1 files changed, 314 insertions, 0 deletions
diff --git a/src/_posts/2021-07-14-how-to-secure-a-webapp.md b/src/_posts/2021-07-14-how-to-secure-a-webapp.md
new file mode 100644
index 0000000..2ddbb51
--- /dev/null
+++ b/src/_posts/2021-07-14-how-to-secure-a-webapp.md
@@ -0,0 +1,314 @@
+---
+title: >-
+    How to Secure a Webapp
+description: >-
+    Get ready to jump through some hoops.
+---
+
+In this post I will be documenting all security hoops that one must jump through
+in order to consider their webapp secure. This list should not be considered
+comprehensive, as I might have forgotten something or some new hoop might have
+appeared since writing.
+
+For the context of this post a "webapp" will be considered to be an HTML/CSS/JS
+website, loaded in a browser, with which users create and access accounts using
+some set of credentials (probably username and password).
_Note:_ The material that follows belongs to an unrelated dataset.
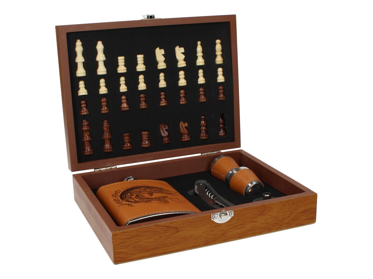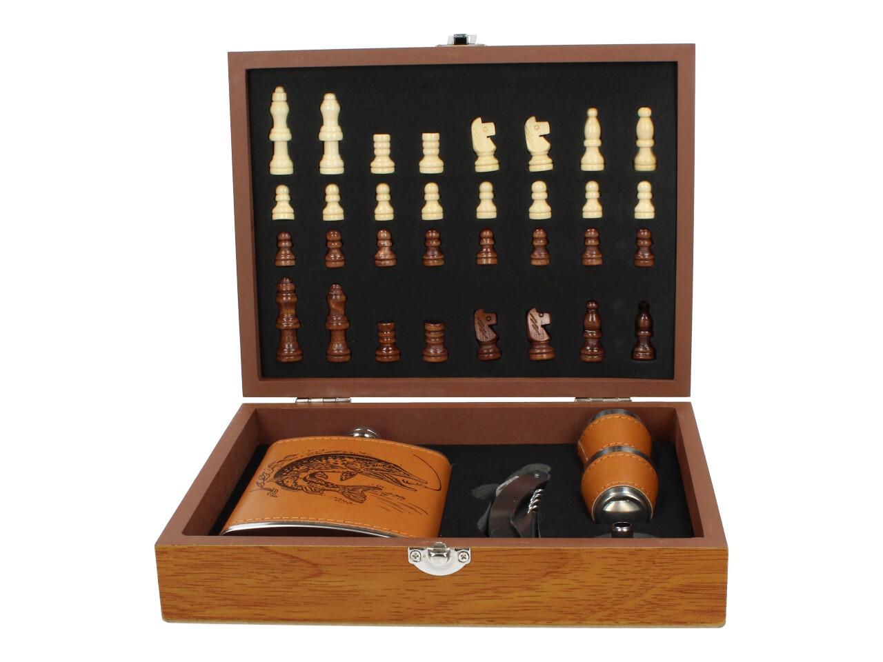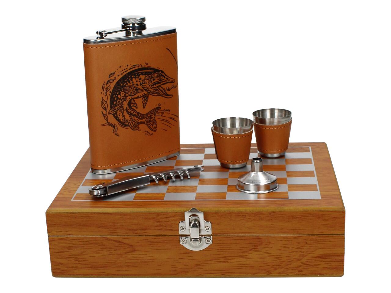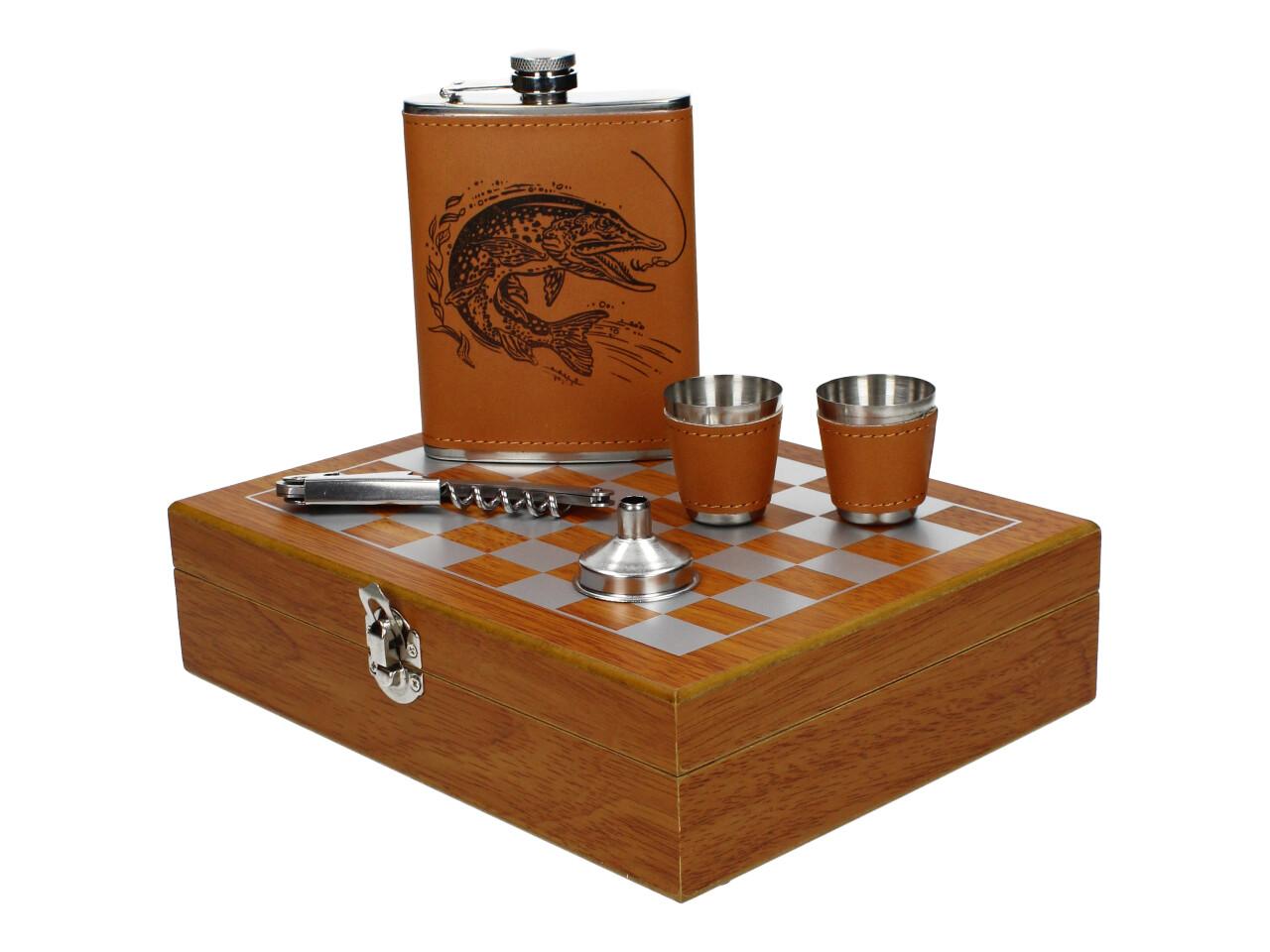 Hlavní stránka > E-shop > Domácí potřeby > Placatky a sady > Dárková sada ŠACHOVNICE s panáky a otvírákem 3v1 motiv Štika 3v1

In other words, most
+popular websites today. This post will only cover those concerns which apply to
+_all_ webapps of this nature, and so won't dive into any which might be incurred
+by using one particular technology or another.
+
+Some of these hoops might seem redundant or optional. That may be the case. But
+if you are building a website and are beholden to passing some third-party
+security audit for any reason you'll likely find yourself being forced to
+implement most, if not all, of these measures anyway.
+
+So without further ado, let's get started!
+
+## HTTPS
+
+At this point you have to use HTTPS, there's not excuse for not doing so. All
+attempts to hit an HTTP endpoint should redirect to the equivalent HTTPS
+endpoint, and you should be using [HSTS][hsts] to ensure that a browser is never
+tricked into falling back to HTTP via some compromised DNS server.
+
+[hsts]: https://developer.mozilla.org/en-US/docs/Web/HTTP/Headers/Strict-Transport-Security
+
+## Cookies
+
+Cookies are an old web technology, and have always been essentially broken. Each
+cookie can have certain flags set on it which change their behavior, and some of
+these flags are required at this point.
+
+### Secure
+
+If you're storing anything sensitive in a cookie (spoiler alert: you will be)
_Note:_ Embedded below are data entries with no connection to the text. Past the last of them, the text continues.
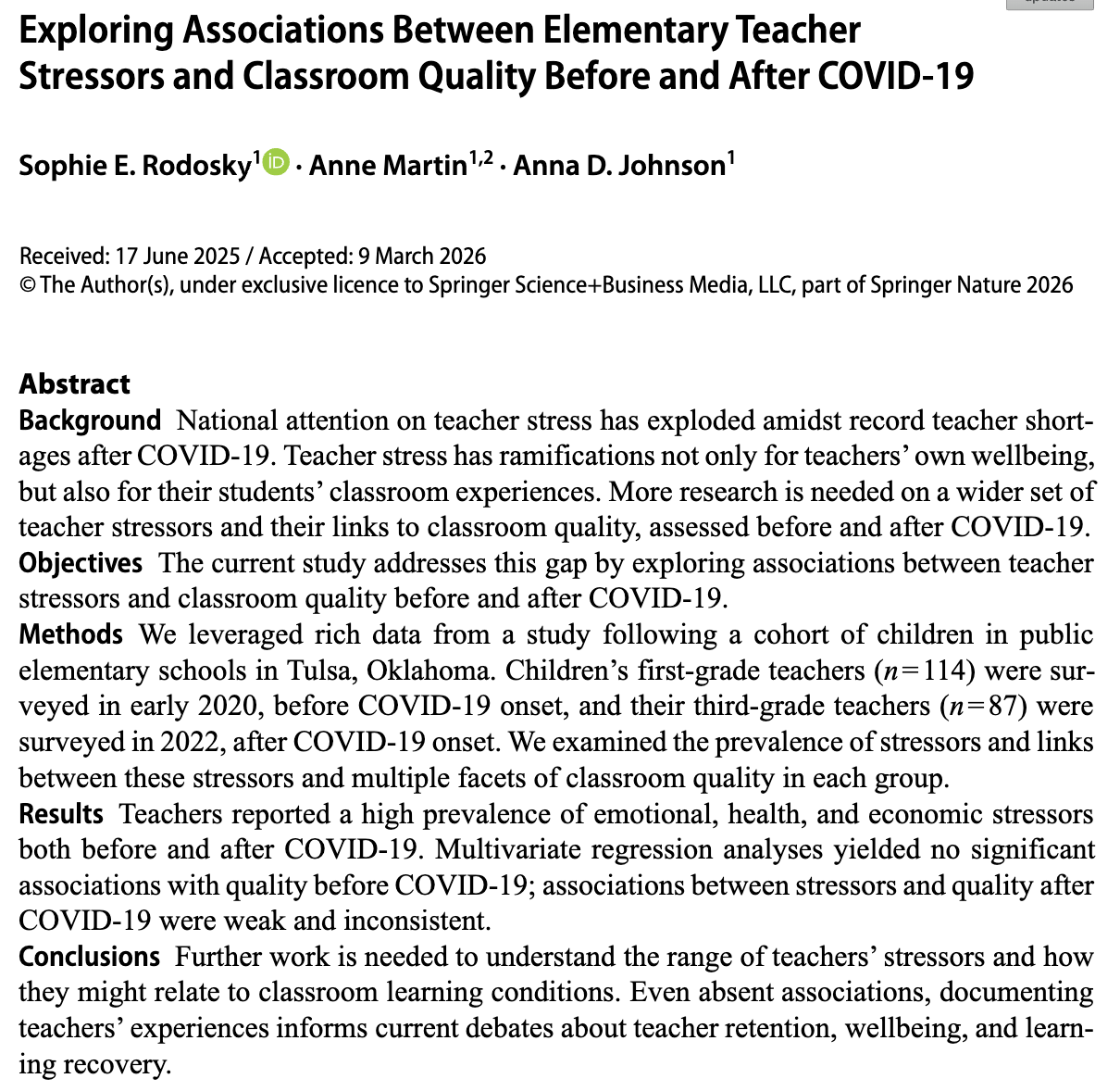 The Tulsa SEED (School Experiences and Early Development) Study is among the nation’s most comprehensive evaluations of public pre-kindergarten. Tulsa SEED has followed a sample of low-income children in publicly-funded pre-k in Tulsa, OK, beginning when children were 3-years-old (2016) and continuing through 9th grade (2028). The study aims to understand the effects of pre-k – administered in a mix of public and charter school-based pre-k classrooms and Head Start and Educare classrooms – on children’s self-regulatory, education, and health outcomes. To accomplish this goal, Tulsa SEED collects comprehensive data, including direct assessments of children’s skills in the fall and spring of each year, teacher and observer reports of child behavior, surveys of children’s parents and teachers, in-depth classroom observations of teacher-child and peer-to-peer interactions, and program and state administrative data on items such as attendance, grade retention, IEP status, test scores, and child health. More recently, the SEED Study Team has also begun to investigate questions about how the COVID-19 pandemic has impacted children, families, and educators.
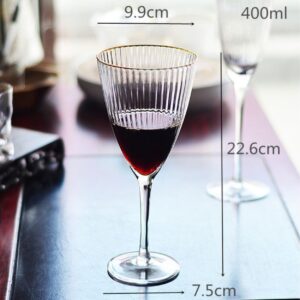 A beleza dessas taças é incomparável. Com um design elegante e sofisticado, as taças apresentam linhas limpas e curvas suaves que se harmonizam perfeitamente. A borda dourada ao redor de cada taça adiciona um toque luxuoso, refletindo a luz e criando um visual deslumbrante.
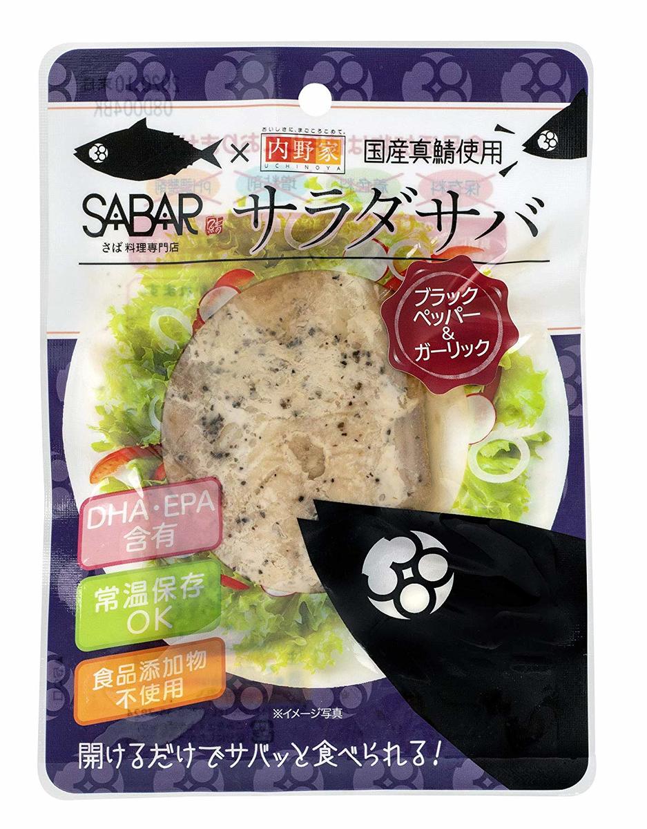 10個 サラダサバ ブラックペッパー & ガーリック味 無添加 たんぱく質【SABAR × 内野家 国産真鯖使用】セット プロテイン ダイエット サバ 鯖 さば 非常食 保存食 常温 サラダフィッシュ 送料無料

+then you need to have the Secure flag set on it. This prevents the cookie from
+being sent in a non-HTTPS request.
+
+### HTTPOnly
+
+The HTTPOnly flag protects a cookie from XSS attacks by preventing it from being
+accessible from javascript. Any cookie which is storing sensitive information
+_must_ have this flag set. In the **Authentication** section we will cover the
+storage of session tokens, but the TLDR is that they have to be stored in an
+HTTPOnly cookie.
+
+Practically, this means that your sessions architecture _must_ account for the
+fact that the webapp itself will not have direct access to its persistent
+session token(s), and therefore must have some other way of knowing that it's
+logged in (e.g. a secondary, non-HTTPOnly cookie which contains no secrets but
+only signals that the browser is logged in).
+
+### SameSite
+
+The SameSite attribute can be set to `Strict`, `Lax`, or `None`. `Lax` is the
+default in modern browsers and is sufficient for most security concerns, but if
+you can go with `Strict` that would be better. The downside of `Strict` is that
+cookies won't be sent on initial page-load of a site.
+
+In any case, even though `Lax` is the default you should still set this
+attribute manually (or your auditor might get to add another bullet point to
+their report).
+
+## Authentication
+
+Authentication is obviously one of the juiciest targets for an attacker. It's
+one thing to be able to trick a user into performing this or that action, but if
+one can just log in _as_ the user then they essentially have free-reign over all
+their information.
+
+### Password History
+
+Most websites use a username/password system as the first step of login. This
+is.... fine. We've accepted it, at any rate. But there's a couple of hoops which
+must be jumped through as a result of it, and the first is password history.
+
+I hope it goes without saying that one should be using a hashing algorithm like
+bcrypt to store user passwords. But what is often not said is that, for each
+user, you need to store the hashes of their last N passwords (where N is
+something like 8). This way if they attempt to re-use an old password they are
+not able to do so. The users must be protected from themselves, afterall.
+
+### Credential Stuffing/Account Enumeration
+
+A credential stuffing attack is one where credentials are stolen from one
+website and then attempted to be used on another, in the hope that users have
+re-used their username/password across multiple sites. When they occur it'll
+often look like a botnet spamming the authentication endpoint with tons of
+different credentials.
+
+Account enumeration is a similar attack: it's where an attacker finds a way to
+get the webapp to tell them whether or not an account email/username exists in
+the system, without needing to have the right password. This is often done by
+analyzing the error messages returned from login or a similar endpoint (e.g.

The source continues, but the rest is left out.